Cuando Shirley abrió la puerta del dormitorio, sólo vio dos camas vacías. La justicia requería un Howard dormido; tendría que aconsejarle que volviera a acostarse.
Pero no llegaba ningún sonido de la cocina ni del baño. ¿Se habría cruzado con él al volver por el camino del río? Howard debía de haberse marchado a trabajar; quizá ya estuviera con Maureen en la trastienda, hablando de ella, planeando divorciarse y casarse con Maureen, ahora que el juego había terminado y ya no había que fingir.

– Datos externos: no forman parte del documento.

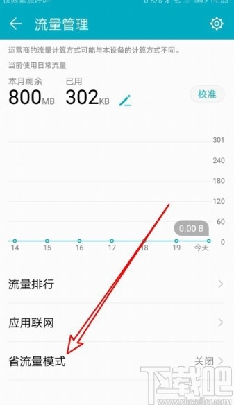 4.点击进入到这个流量管理界面之后,我们找到界面最下方的“省流量模式”这个功能选项,点击进入到这个功能的界面中。

Fue a la sala casi corriendo, para llamar a la cafetería. Entonces vio a Howard tendido en la alfombra, en pijama. Tenía la cara muy colorada y los ojos se le salían de las órbitas. De sus labios escapaba un débil resuello y se aferraba el pecho con una mano. La parte de arriba del pijama se le había subido y Shirley vio la zona en carne viva y llena de costras en la que había previsto clavarle la aguja.
Él le lanzó una mirada de muda súplica.
Ella lo miró fijamente, aterrorizada, y luego salió como una exhalación. Escondió la EpiPen en la lata de galletas, pero al punto la sacó y la metió detrás de los libros de cocina.

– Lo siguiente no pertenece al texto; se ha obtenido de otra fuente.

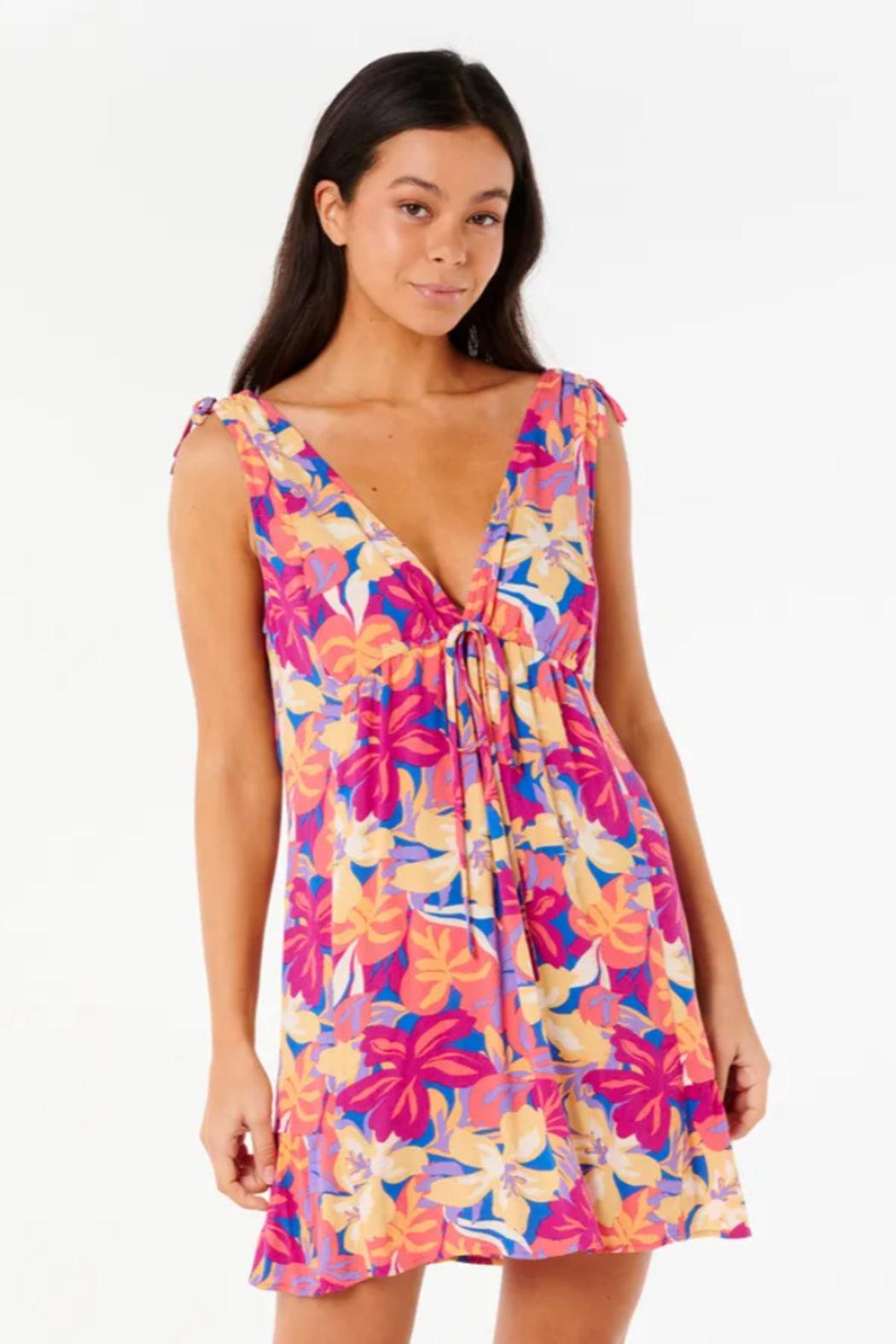 Es Vedra Cover Up Composition: 100% Viscose Lenzing™ Ecovero™ Crinkle 145G Standard fit All over yardage print Functional front tie Functional shoulder tie detail

Volvió corriendo a la sala y marcó el número de emergencias.
—¿Llama de Pagford? De Orrbank Cottage, ¿verdad? La ambulancia ya está en camino.

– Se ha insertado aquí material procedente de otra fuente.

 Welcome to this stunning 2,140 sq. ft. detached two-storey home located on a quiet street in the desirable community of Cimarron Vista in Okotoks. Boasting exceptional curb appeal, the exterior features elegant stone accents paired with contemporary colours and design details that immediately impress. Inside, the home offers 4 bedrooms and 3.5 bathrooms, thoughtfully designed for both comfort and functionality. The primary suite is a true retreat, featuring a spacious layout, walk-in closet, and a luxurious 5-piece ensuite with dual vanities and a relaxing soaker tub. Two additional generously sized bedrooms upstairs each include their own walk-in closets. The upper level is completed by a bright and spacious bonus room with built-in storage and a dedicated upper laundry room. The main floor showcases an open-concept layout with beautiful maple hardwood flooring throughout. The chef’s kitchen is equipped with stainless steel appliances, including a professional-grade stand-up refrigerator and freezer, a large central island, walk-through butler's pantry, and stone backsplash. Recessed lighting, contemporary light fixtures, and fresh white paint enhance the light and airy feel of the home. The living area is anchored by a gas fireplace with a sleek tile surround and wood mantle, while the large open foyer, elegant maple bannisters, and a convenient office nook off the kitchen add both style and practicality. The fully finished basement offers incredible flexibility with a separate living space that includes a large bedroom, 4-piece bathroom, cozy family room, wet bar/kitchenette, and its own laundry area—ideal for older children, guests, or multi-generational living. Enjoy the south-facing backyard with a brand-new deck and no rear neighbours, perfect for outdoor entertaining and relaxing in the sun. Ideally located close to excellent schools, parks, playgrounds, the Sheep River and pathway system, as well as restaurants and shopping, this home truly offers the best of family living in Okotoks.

—Oh, gracias, gracias a Dios —repuso Shirley, y casi había colgado cuando comprendió las palabras de la mujer, y chilló—: ¡No, no es Orrbank Cottage…! —Pero la operadora ya había colgado.
Shirley volvió a llamar. Estaba tan nerviosa que se le cayó el auricular. A su lado, en la alfombra, el resuello de Howard se debilitaba.
—¡No es Orrbank Cottage! —gritó—. Es el treinta y seis de Evertree Crescent, en Pagford… A mi marido le ha dado un infarto.